Das Bundessozialhilfegesetz (BSHG) ist restriktiv und wird von Reform zu Reform verschlechtert. Manchmal ist es aber auch besser als sein Ruf, besser jedenfalls, als die Verantwortlichen wahr haben wollen. "Optimierungsgefahr" heißt bei FDP und CSU, die in dieser Frage ausnahmsweise zusammenarbeiten, wenn Sozialhilfeberechtigte ihre Rechtsansprüche rigoros durchsetzen. Wenn das jeder täte, so FDP-Bundestagsabgeordneter Wolfgang Wenk, sei der Sozialstaat am Ende - und der Abstand zu Beschäftigten aus unteren Lohngruppen womöglich nicht mehr gewahrt.

Jungle World faßt im Folgenden einige Kernpunkte eines Sozialhilfeleitfadens zusammen, den die Koordinierungsstelle gewerkschaftlicher Arbeitslosengruppen in Bielefeld erstellt hat, um den gesetzlichen Rahmen des BSHG deutlich zu machen und vor Behördenwillkür zu schützen.

Gemeinnützige Arbeit

Wer Sozialhilfe bezieht, ist verpflichtet, Arbeitsgelegenheiten anzunehmen, die die Kommunen bereitstellen. Wer das verweigert, bekommt automatisch sofort 25 Prozent weniger.
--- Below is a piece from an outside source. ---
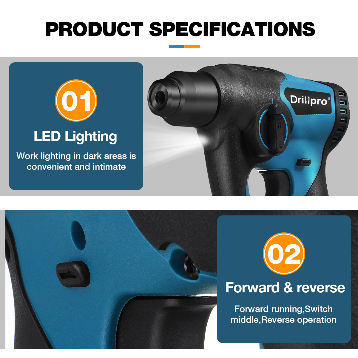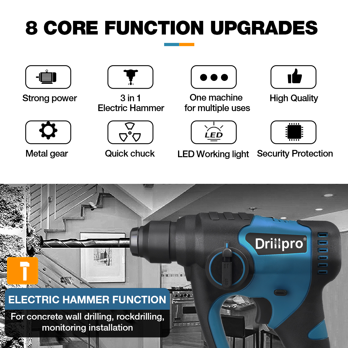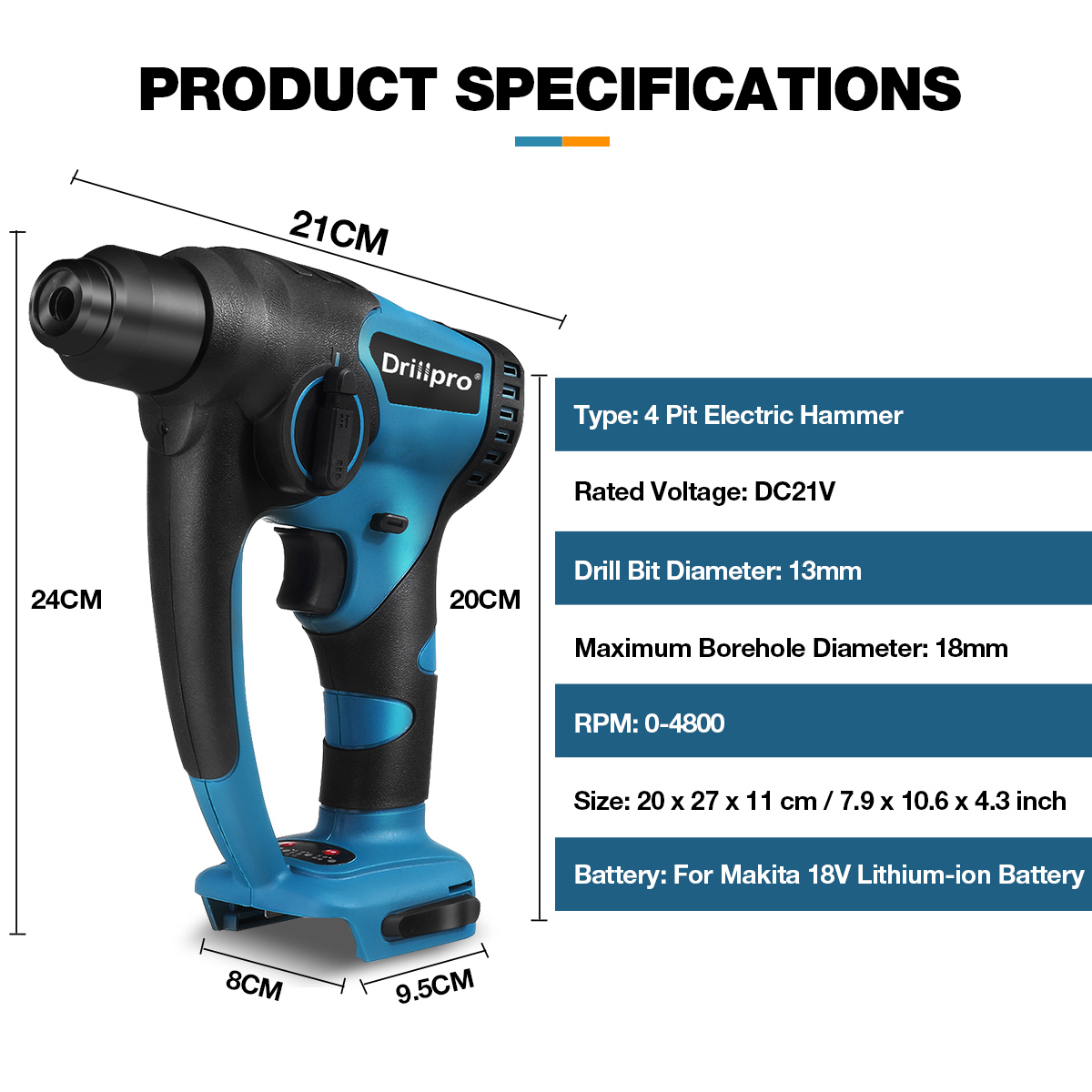 Функции: беспроводной, электрический молоток, электрическая дрель

Wenn es sich bei der Arbeit um sogenannte Prämienarbeit handelt (1,50 bis drei Mark pro Stunde zusätzlich zur Sozialhilfe), also zu vermuten ist, daß hier mit Billigstarbeitskräften tariflich bezahlte Stellen im Öffentlichen Dienst eingespart werden sollen, sollten Sie sich bei den Gewerkschaften erkundigen und gegebenenfalls Widerspruch einlegen. Sie dürfen nicht verpflichtet werden, Arbeiten zu übernehmen, die zu den Regelaufgaben der Kommunen gehören. Das wäre offene Zwangsarbeit und nach Artikel 12, Abs. 2 und 3 des Grundgesetzes verboten. Ebensowenig brauchen Sie einen Einsatz anzunehmen, mit dem die Kommune unlauteren Wettbewerb gegenüber privaten Anbietern übt.

Auf jeden Fall sollten Sie eine Erklärung darüber verlangen, wie lange der Arbeitseinsatz dauern und wie es danach weitergehen soll. Denn Prämienarbeit darf nicht länger als drei bis sechs Monate gehen, und es muß deutlich werden, daß die Wiedereingliederung auf den sogenannten ersten Arbeitsmarkt erleichtert wird. Darüber hinaus muß schriftlich festgehalten und vor der Aufnahme der Arbeit bekannt sein, wo der Einsatz erfolgt, wer weisungsbefugt ist, welche Arbeit konkret wann, wo und wie geleistet werden soll sowie wer die Kontrolle über Arbeitszeit und -leistung hat. Der Einsatz unterliegt der betriebliche Mitbestimmung des Personal- oder Betriebsrats. Ein Widerspruch hat aufschiebende Wirkung.

Arbeitsverpflichtung

Sozialhilfe erhält nur, wer bereit ist, auch zu arbeiten. Ausnahme: Schwangere oder Alleinerziehende mit Kindern bis zu drei Jahren, Antragsteller mit pflegebedürftigen Angehörigen, Kranke (mindestens drei Monate), Erwerbsunfähige und Rentner. Dabei gibt es keine Regelungen darüber, welche Arbeit unzumutbar ist. Es gilt jedoch, daß Sie einen Job nicht annehmen müssen, wenn die Arbeit körperlich, geistig oder seelisch zu schwer ist, die künftige Ausübung Ihres bisherigen Berufs unverhältnismäßig erschwert oder sitten-, gesetzeswidrig oder gesundheitsgefährdend ist. Außerdem brauchen Sie nicht als Streikbrecher zu agieren, sich längere Zeit von Ihrer Familie zu trennen oder gleich nach der Berufsausbildung eine berufsfremde Tätigkeit anzunehmen.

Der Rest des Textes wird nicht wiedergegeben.